Examples 1-4 and Comparative Examples 1-4
Each thermochromic composition was prepared by uniformly mixing each component shown in Table 1 with a stirrer while heating at 120 to 180 ° C.

  In addition, the following were used for the color former 1 and the color former 2 in Table 1, respectively.

Coloring agent 1: 2 ′-[(2-chlorophenyl) amino] -6 ′-(dibutylamino) spiro [isobenzofluorane-1 (3H), 9 ′-(9H) xanthen] -3-one Coloring agent 2 : 2-anilino-3-methyl-6- (N-ethyl-p-toluidino) fluorane

Examples 5-6 and Comparative Examples 5-6
The thermochromic compositions obtained in Examples 1-2 and Comparative Examples 1-2 were microencapsulated using the materials shown in Table 2. First, the resin main ingredient (main raw material) used as the capsule wall film and the thermochromic composition were uniformly mixed and dissolved using a dissolution aid (solvent) to obtain a solution. Subsequently, the said solution was added in the emulsifier aqueous solution heated at 30-60 degreeC, carrying out medium shear stirring. Next, O / W emulsion (droplet particle size: about 5 μm) was obtained from the solution by performing high shear stirring. Thereafter, the stirring was switched to low shear stirring, and the aqueous crosslinking agent solution was dropped into the O / W emulsion. After reacting at a temperature of 60 to 90 ° C. for 3 to 12 hours, the slurry was cooled to room temperature to obtain a slurry in which microcapsules were dispersed.
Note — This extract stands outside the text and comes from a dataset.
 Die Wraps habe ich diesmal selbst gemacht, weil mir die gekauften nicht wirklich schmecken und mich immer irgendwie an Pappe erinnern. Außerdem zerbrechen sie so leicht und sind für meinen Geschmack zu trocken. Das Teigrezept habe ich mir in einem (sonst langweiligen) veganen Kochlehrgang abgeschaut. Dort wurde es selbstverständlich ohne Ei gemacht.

  In Table 2, trimethylolpropane adduct of toluylene diisocyanate was used as the resin main agent * 1.

Test example 1
The thermochromic compositions obtained in Examples and Comparative Examples and microcapsules were examined for thermochromic properties.

<Preparation of sample>
In Examples 1-4 and Comparative Examples 1-4, the thermochromic composition heated to 70-100 degreeC was No .. A sample for colorimetry was prepared by dropping 0.05 g on 5 filter papers and impregnating by heating at 120 ° C. for 10 minutes.

  In Examples 5 to 6 and Comparative Examples 5 to 6, the microcapsule slurry cooled to room temperature was screen-printed on Kent paper and dried at room temperature for 2 hours to obtain a sample for colorimetry.

<Evaluation>
Color measurement of the sample was performed using a color difference meter (product name “CR-300” manufactured by Minolta). (1) Color development density ΔE * ₁ , (2) Ground color development (decoloration density) ΔE * ₀ and (3) Discoloration The color difference [ΔE * ₁ −ΔE * ₀ ] was measured. The results are shown in Table 1 and Table 2, respectively.
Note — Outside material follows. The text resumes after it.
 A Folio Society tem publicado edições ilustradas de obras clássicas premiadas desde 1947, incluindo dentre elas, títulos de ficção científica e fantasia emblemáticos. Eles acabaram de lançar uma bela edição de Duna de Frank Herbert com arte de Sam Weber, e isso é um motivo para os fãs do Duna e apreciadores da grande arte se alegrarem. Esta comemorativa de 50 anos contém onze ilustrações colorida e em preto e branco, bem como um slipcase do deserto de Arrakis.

  As shown in Table 1, in Examples 1 to 4 using a bisphenolfluorene-based compound as a developer, the background color (while maintaining a high color density compared to Comparative Examples 1 to 4 using a general-purpose developer ( There was little color residue at the time of erasing, and a large color change was obtained.
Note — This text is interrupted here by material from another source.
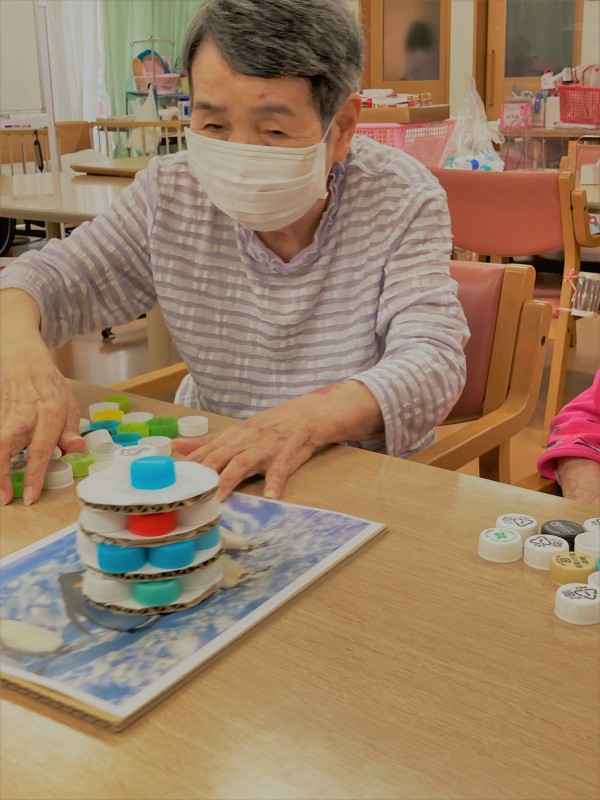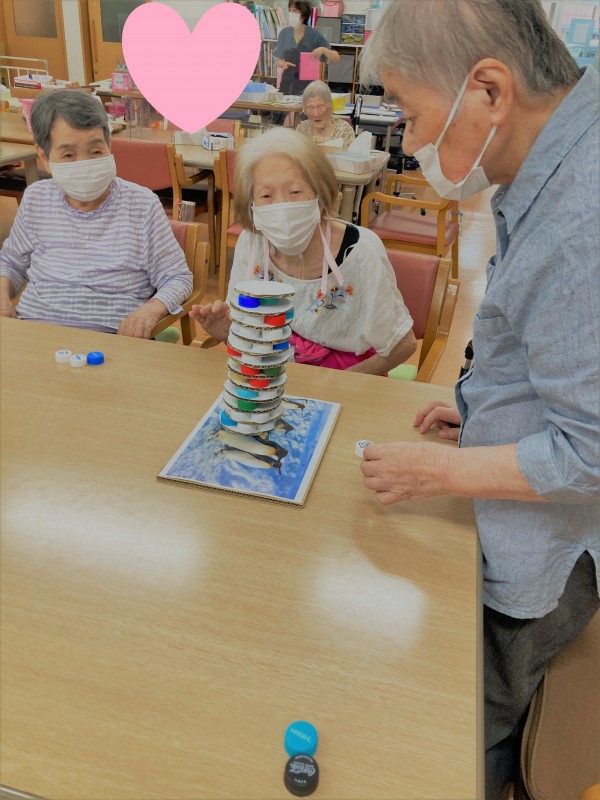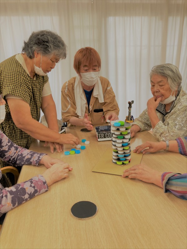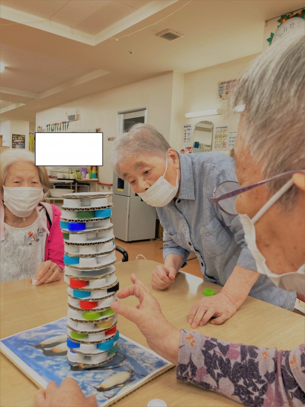 そのあとはなーんと!いつものバランスゲームのごとくキャップをとっていきます!少し小さめのジェンガですね

  Also in the microcapsules, as shown in Table 2, in Examples 5 to 6 using a bisphenolfluorene compound as a developer, higher color development than Comparative Examples 5 to 6 using a general-purpose developer. While maintaining the density, there was little background color development (color residue at the time of decoloring), and a large color change was obtained.

Claims (3)

A thermochromic composition comprising an electron-donating color-developing organic compound, an electron-accepting compound and a desensitizer, wherein the electron-accepting compound is a bisphenolfluorene compound. . A compound represented by the following general formula (1):
(However, R ^{1 to} R ⁴ are the same or different from each other, and each represents a hydrogen atom, a hydrocarbon group which may have a substituent, or a halogen atom.)
The thermochromic composition according to claim 1, wherein A thermochromic microcapsule comprising the composition according to claim 1 or 2 encapsulated in a microcapsule.